Using the "type" field would help eliminate ambiguity, as it seems to me.

@nickbabcock
Copy link
Owner

You're absolutely right that there are ways to disambiguate the types (and your idea is a good one). The one downside is that instead of accessing like foo.bar, one would have to do foo.body.bar.body

@Vladimir37
Copy link
Author

This problem can be solved if Jomini will have two methods. For example:

  • jomini.parse - Currently existing method. The data is easy to read, but they can not be serialized.
  • jomini.deserialization - Derealization using body/type objects.

Thus, the data for easy viewing and data for use with subsequent serialization will be separated.

@nickbabcock
Copy link
Owner

Ideally there'd only be one method to ease differences in parsing. There may be a way to create a class where we keep all properties on the class + a jomini_type() method that is used in a save() method to disambiguate.
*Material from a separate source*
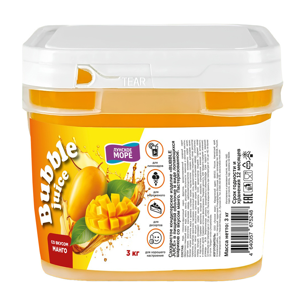 Джус Бабл Лунское Море со вкусом манго — это яркий и ароматный сухой компонент для украшения десертов и напитков. Придаст свежесть и экзотический вкус вашим кулинарным шедеврам. Идеально подходит для украшения тортов, пирожных, мороженого и коктейлей. Создаст атмосферу тропического острова на вашем столе.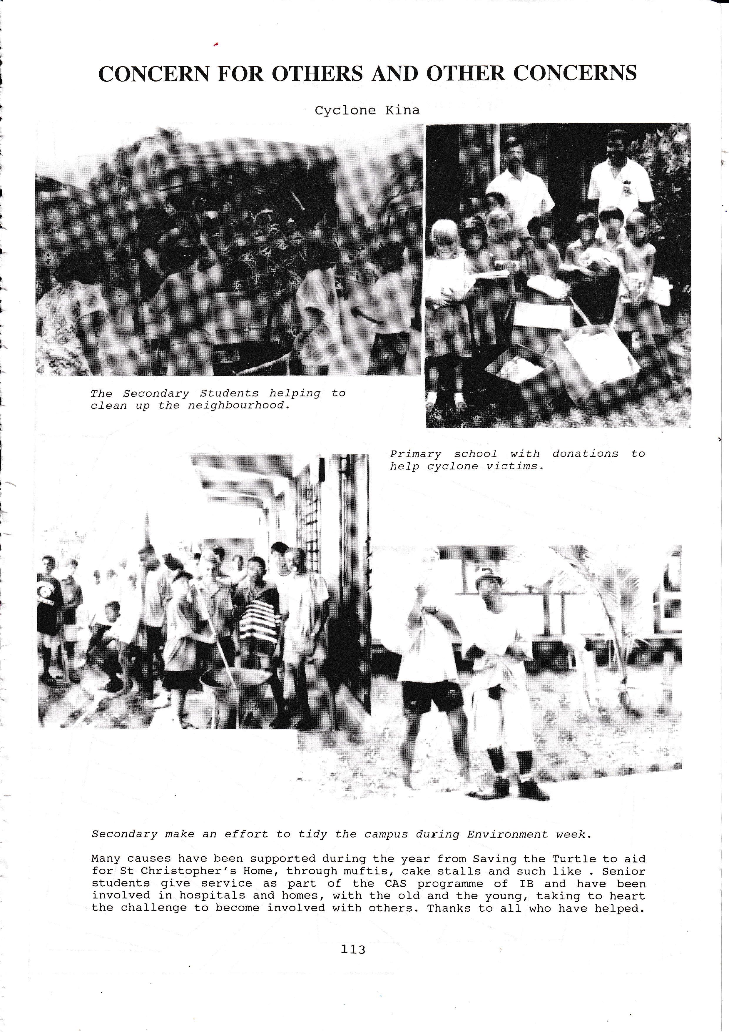 Secondary make an effort to tidy the campus during Environment week. Many causes have been supported during the year from Saving the Turtle to aid for St Christopher's Home, through muftis. cake stalls and such like Senior students give service as part of the CAS programme of IB and have been involved in hospitals and homes, with the old and the younlr, taking to heart the challenge to become involved with others. Thanks to all who have helped.

But this may be wishful thinking and creating two methods may be more practical in the short term.

@C45tr0
Copy link

C45tr0 commented Dec 2, 2018

You could add all the information to disambiguate types into a meta object at the top level. This way the clean access is still given, but allows you to parse that or define it if needed.

@nickbabcock
Copy link
Owner

Right it should be possible to hide the disambiguation away from the user (but still keep it available for serialization) 🤔

Saying that, I don't have any plans for continued development as the current method of parsing (using jison) exhausts heap space, so a rewrite would be necessary to make viable to parse large files.

@C45tr0
Copy link

C45tr0 commented Dec 2, 2018

Do you have any current thoughts for what you want to rewrite it in/to use?

@nickbabcock
Copy link
Owner

So this can still be written in js -- it'd just need to be some sort of hand written recursive descent parser (basically any JSON parser can be used for inspiration). I've written paradox parsers in C#, js, F#, and most recently (but not open sourced) rust. Each language has it's own tradeoffs, so I don't think there'd be one solution that could rule all.

@soryy708
Copy link
Contributor

Why a recursive descent parser?
I've written a parser in C++ that achieves this with regular expressions, which proves that the language is regular. What files did you look at when deciding it's a context free grammar?

@soryy708
Copy link
Contributor

I've begun a hand-rewrite of the parser, so that the output is optionally instrumented in a way that allows unambiguous serialization.
As a start, I've ported my C++ parser to JS.
https://github.com/soryy708/jomini/tree/parser
There's still some work to be done on the parser and tokenizer, so that the tests will pass.

@nickbabcock
Copy link
Owner

nickbabcock commented Jan 3, 2020

What files did you look at when deciding it's a context free grammar?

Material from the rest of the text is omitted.